CHAPTER 3E+W+S+N.I.General requirements
IntroductionE+W+S+N.I.
257COverview of Chapter

The general requirements are met in respect of the relevant shares if the requirements of this Chapter are met as to—

(a)the shares (see section 257CA),

(b)the purpose of the issue (see section 257CB),

(c)the spending of the money raised (see section 257CC),

(d)no pre-arranged exits (see section 257CD),

(e)no tax avoidance (see section 257CE), and

(f)no disqualifying arrangements (see section 257CF).

The requirementsE+W+S+N.I.
257CAThe shares requirement

(1)The relevant shares must meet—

(a)the requirements of subsection (2), and

(b)unless they are bonus shares, the requirements of subsection (4).

(2)Shares meet the requirements of this subsection if they are ordinary shares which do not, at any time during period B, carry—

(a)any present or future preferential right to dividends that is within subsection (3),

(b)any present or future preferential right to a company's assets on its winding up, or

(c)any present or future right to be redeemed.

(3)A preferential right to dividends carried by a share in a company is within this subsection if—

(a)the amount of any dividends payable pursuant to the right, or the date or dates on which they are payable, depend to any extent on a decision of the company, the holder of the share or any other person, or

(b)the amount of any dividends that become payable at any time pursuant to the right includes any amount that became payable at any earlier time pursuant to the right but has not been paid.

(4)Shares meet the requirements of this subsection if they—

(a)are subscribed for wholly in cash, and

(b)are fully paid up at the time they are issued.

(5)Shares are not fully paid up for the purposes of subsection (4)(b) if there is any undertaking to pay cash to any person at a future date in respect of the acquisition of the shares.

257CBThe purpose of the issue requirement

(1)The relevant shares (other than any of them which are bonus shares) must be issued in order to raise money for the purposes of a qualifying business activity carried on, or to be carried on, by the issuing company or a qualifying 90% subsidiary of that company.

(2)For the meaning of “qualifying business activity” see section 257HG.

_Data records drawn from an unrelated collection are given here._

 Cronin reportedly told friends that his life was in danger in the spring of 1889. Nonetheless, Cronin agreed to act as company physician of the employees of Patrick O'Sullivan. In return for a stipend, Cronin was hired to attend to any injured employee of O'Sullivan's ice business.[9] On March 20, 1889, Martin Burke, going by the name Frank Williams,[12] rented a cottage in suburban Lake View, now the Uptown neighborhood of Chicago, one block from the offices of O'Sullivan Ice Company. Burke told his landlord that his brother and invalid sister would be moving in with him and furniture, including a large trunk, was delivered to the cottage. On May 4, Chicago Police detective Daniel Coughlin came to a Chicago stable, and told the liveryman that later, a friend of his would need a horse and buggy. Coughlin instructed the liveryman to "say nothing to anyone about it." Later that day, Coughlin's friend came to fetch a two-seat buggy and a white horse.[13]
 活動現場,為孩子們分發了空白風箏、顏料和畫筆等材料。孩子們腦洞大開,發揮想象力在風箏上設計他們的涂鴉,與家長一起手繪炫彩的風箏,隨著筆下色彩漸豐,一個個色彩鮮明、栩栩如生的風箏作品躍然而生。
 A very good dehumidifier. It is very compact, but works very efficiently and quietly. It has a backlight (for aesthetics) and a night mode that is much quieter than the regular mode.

257CCThe spending of the money raised requirement

(1)The requirement of this section is that before the end of period B all of the money raised by the issue of the relevant shares (other than any of them which are bonus shares) is spent for the purposes of the qualifying business activity for which it was raised.

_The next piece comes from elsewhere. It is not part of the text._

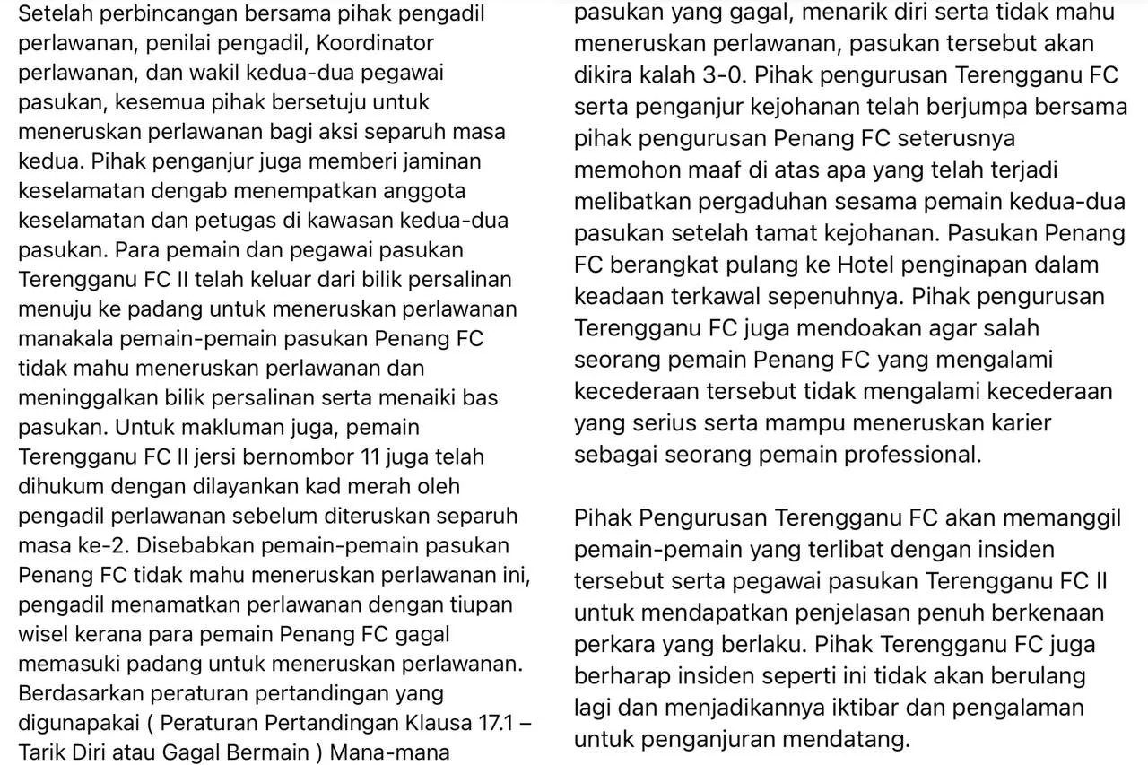 TFC’s management team has released an official media statement through their official Facebook page regarding the issue. They have also met up with the management team of Penang FC to issue an apology. Other than that, they hoped that the injury sustained by one of the Penang FC’s players isn’t serious and they hope for him to keep on playing professionally.

(2)Spending money on the acquisition of shares or stock in a company does not of itself amount to spending the money for the purposes of a qualifying business activity.

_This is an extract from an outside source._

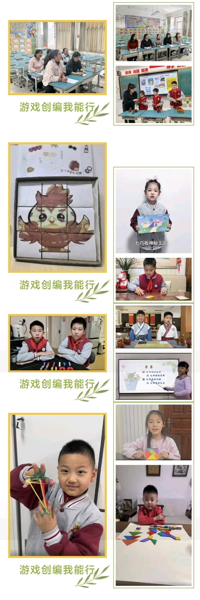 玩法创编中,围绕十二大类传统益智游戏,同学们化身“小小创编师”,大胆研发新翻法、新摆法、破解新阵型,以“小老师”视角录制讲解视频,清晰演示操作步骤、拆解技巧要点,深度挖掘背后的数学原理。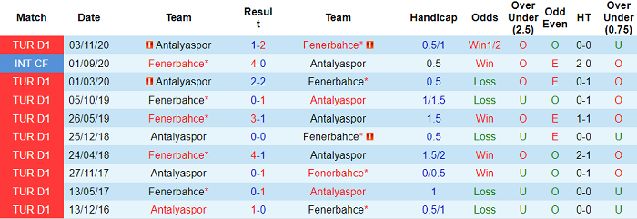 Tỷ lệ kèo Fenerbahce vs Antalyaspor

(3)This requirement does not fail to be met merely because an amount of money which is not significant is spent for another purpose or remains unspent at the end of period B.

257CDThe no pre-arranged exits requirement

(1)The issuing arrangements for the relevant shares must not include—

(a)arrangements with a view to the subsequent repurchase, exchange or other disposal of those shares or of other shares in or securities of the issuing company,

(b)arrangements for or with a view to the cessation of any trade which is being or is to be or may be carried on by the issuing company or a person connected with that company,

(c)arrangements for the disposal of, or of a substantial amount (in terms of value) of, the assets of the issuing company or of a person connected with that company, or

(d)arrangements the main purpose of which, or one of the main purposes of which, is (by means of any insurance, indemnity or guarantee or otherwise) to provide partial or complete protection for persons investing in shares in the issuing company against what would otherwise be the risks attached to making the investment.

(2)The arrangements referred to in subsection (1)(a) do not include any arrangements with a view to such an exchange of shares, or shares and securities, as is mentioned in section 257HB(1).

(3)The arrangements referred to in subsection (1)(b) and (c) do not include any arrangements applicable only on the winding up of a company except in a case where—

(a)the issuing arrangements include arrangements for the company to be wound up, or

(b)the arrangements are applicable to the winding up of the company otherwise than for genuine commercial reasons.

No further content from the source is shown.